Rozdział 21: W urodziny nic się nie zmienia
Obojętność i lekceważenie często wyrządzają więcej krzywd niż jawna niechęć...
J.K Rowling, „Harry Potter i Zakon Feniksa”
***
Pierwszy marca był przez wiele osób zapomnianym dniem. Niektórzy członkowie rodziny zapominali u jego urodzinach. Szczególnie gdy byli dziećmi. Było więcej do zrobienia niż myślenie, że on ma urodziny. Gdy poszedł do Hogwartu trochę się to zmieniło. Fred i George pamiętali o jego urodzinach, Ginny tak samo, więc przynajmniej dostawał życzenia od nich. Oczywiście Harry i Hermiona również pamiętali, ale na piątym roku Ron nie miał pojęcia skąd Ophelia wiedziała o jego urodzinach.
Tego roku jego urodziny wypadały w piątek. Byli tak skupienia na nauce do sumów, że Ron sam zapomniał, że są jego urodziny. Harry mu o tym przypomniał, bo gdy Ron wyszedł z łazienki wyciągnął z kąta torebkę z prezentem.
— Wszystkiego najlepszego. — powiedział Harry. Ron wywrócił oczami i objął przyjaciela.
— Dzięki. — powiedział Ron — Prezent możesz sobie zachować...
— Dobry żart. — powiedział Harry dając mu prezent do ręki. Ron się uśmiechnął i położył torebkę na łóżku. Widział co jest w środku. Mnóstwo słodkości i zdjęcie w ramce, które Roselle i Syriusz zrobili im w wakacje na Grimmauld Place.
— Serio, dziękuję Harry. — powiedział Ron.
— Nie ma za co. — powiedział — Ej, słuchaj, nie masz nic przeciwko żeby przyszła Ines?
— Nie. — powiedział Ron — Już powiedziałem Hermionie, że może wziąć ze sobą Carsona. I tak będziemy tylko siedzieć. — stwierdził.

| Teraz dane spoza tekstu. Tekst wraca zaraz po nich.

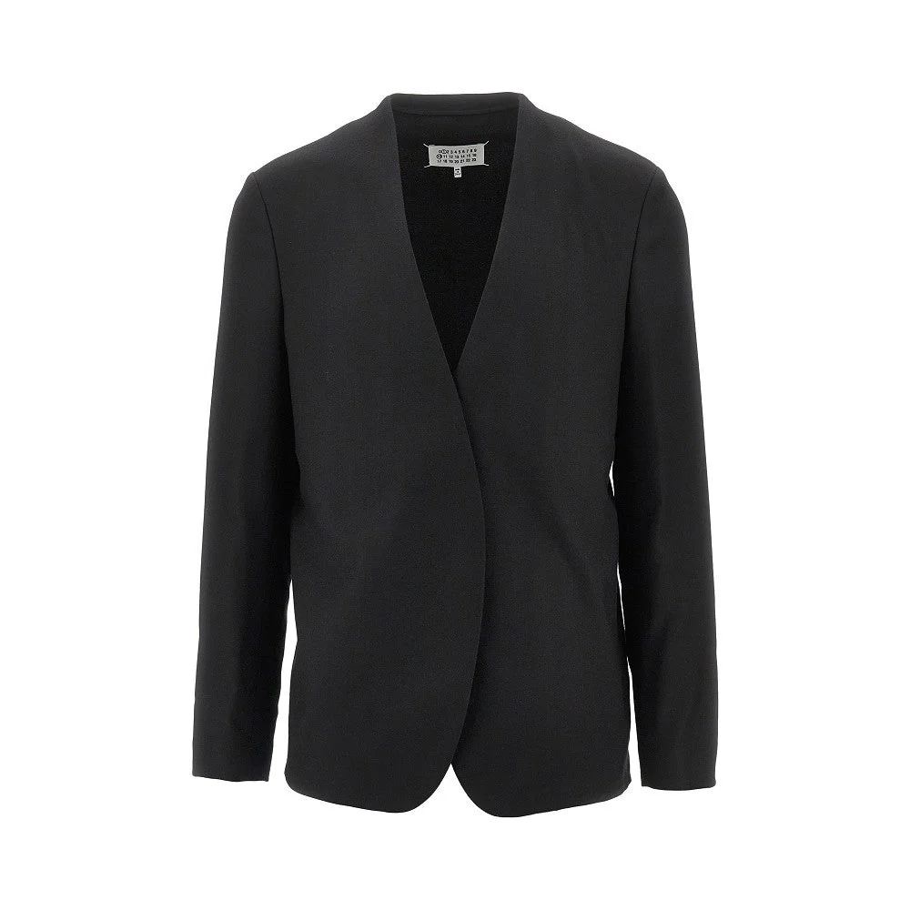 Jacket made from virgin wool gabardine, featuring minimal design with collarless V-neck and no closure at front. Straight and relaxed cut. Lined sleeves. Signature Four Stitches detail at back of neck. DETAILS Model code: S50BN0318 Color code: 900 Season: SS26 Material: 100% WV Made in: Italy Sku: 32387 Color: Black Brand: MAISON MARGIELA

Lekcje tego dnia zleciały szybko. Po obiedzie dostał prezent od Hermiony. Dała mu koszulkę i chyba najlepszy prezent jaki mógł dostać - notatki z eliksirów. Od rodzeństwa niczego nie oczekiwał, bo rzadko sobie kupowali prezenty. Przyszły mu już kilka dni wcześniej paczki od Charliego i Josephine i od Billa i Scarlett. Ginny, Fred i George się złożyli i zrobili mu album ze zdjęciami odkąd tylko byli dziećmi. Ron musiał przyznać, że podobał mu się prezent od nich.

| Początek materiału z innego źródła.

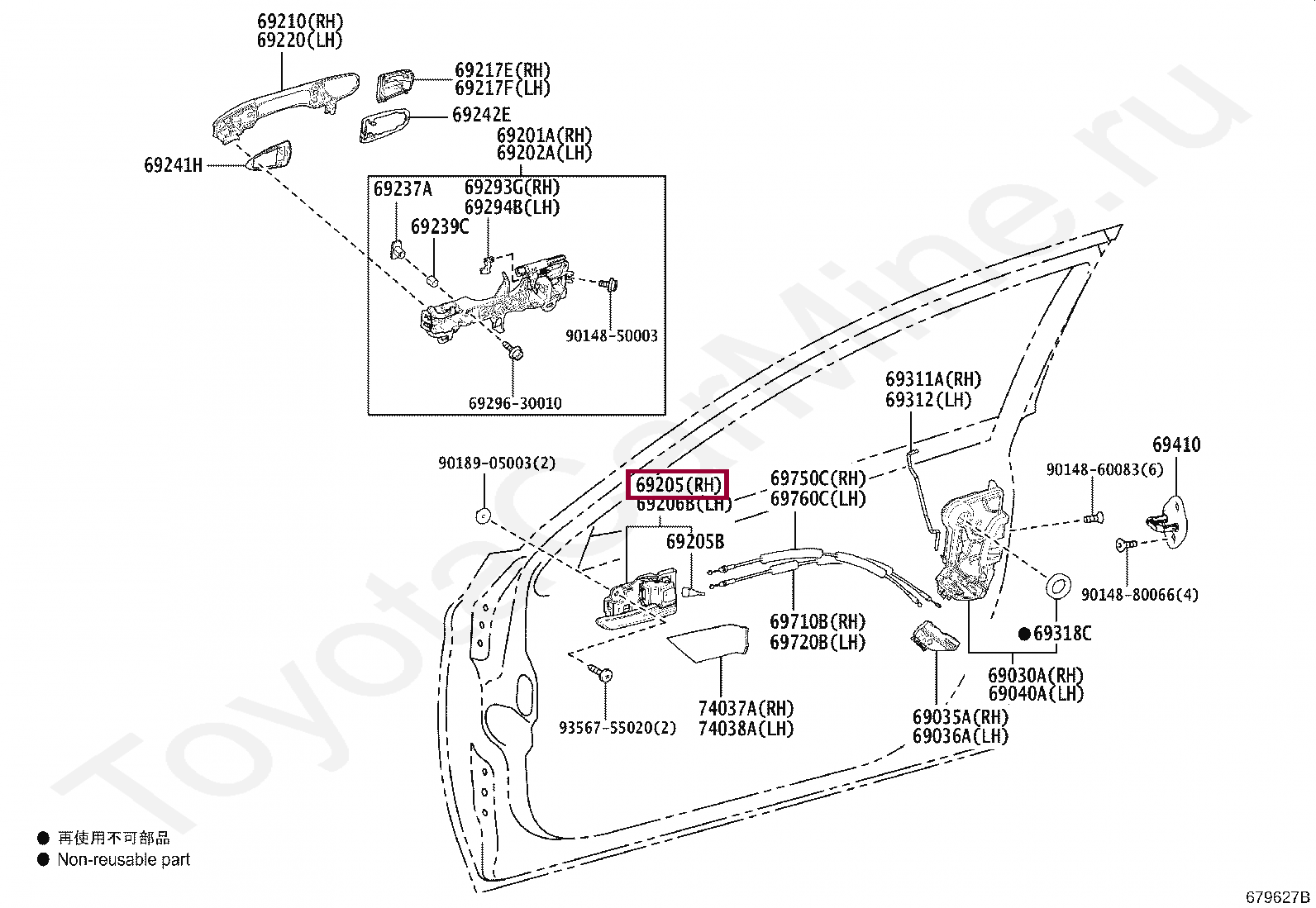 69205-33140-C0, HANDLE SUB-ASSY, REAR DOOR INSIDE, RH

— Jeśli w tym roku ci się podoba to poczekaj aż coś wymyślimy na przyszły rok. — powiedział Fred klepiąc Rona po plecach.
Po południu aby uczcić urodziny Rona usiedli w ich dormitorium. Harry przyszedł z Ines, Hermiona z Jonah, a Ginny na szczęście oszczędziła Ronowi widoku jej całującej się z chłopakiem i przyszła sama. Ron pierwszy raz od tygodni miał trochę lepszy humor. W dodatku do dormitorium otwarły się drzwi i pojawiła się głowa Ophelii. Ron pewny, że chce tylko mu złożyć życzenia wyszedł do niej na zewnątrz.
— Cześć. — powiedział.
— Cześć. — powiedziała — Wszystkiego najlepszego. — dodała — Mam dla ciebie prezent.
— Nie musiałaś... dziękuję. — powiedział trzymając pudełko w dłoni. Ophelia go przytuliła. Ron zacisnął wargi. Serce zaczęło mu mocniej bić — Chcesz wejść?
— Tak, pewnie. — powiedziała uśmiechając się. Ron wszedł do dormitorium za Ophelią i posłał Harry'emu spojrzenie. Zrobiło się trochę niezręcznie. Wszyscy tam wiedzieli co Ron czuje do Ophelii. Ginny spojrzała na nią jakby zamierzała zamordować ją wzrokiem. Ron usiadł obok niej i szturchnął ją łokciem. Nie pomogło, bo gdy tylko blondynka się odzywała Ginny wywracała oczami albo rzucała niemiły komentarz, a Ronowi robiło się coraz bardziej wstyd.
— Mogłabyś przestać? — zapytał Ron, gdy Ophelia zasugerowała, że przyniesie jakąś mugolską grę, w którą lubiła grać z tatą.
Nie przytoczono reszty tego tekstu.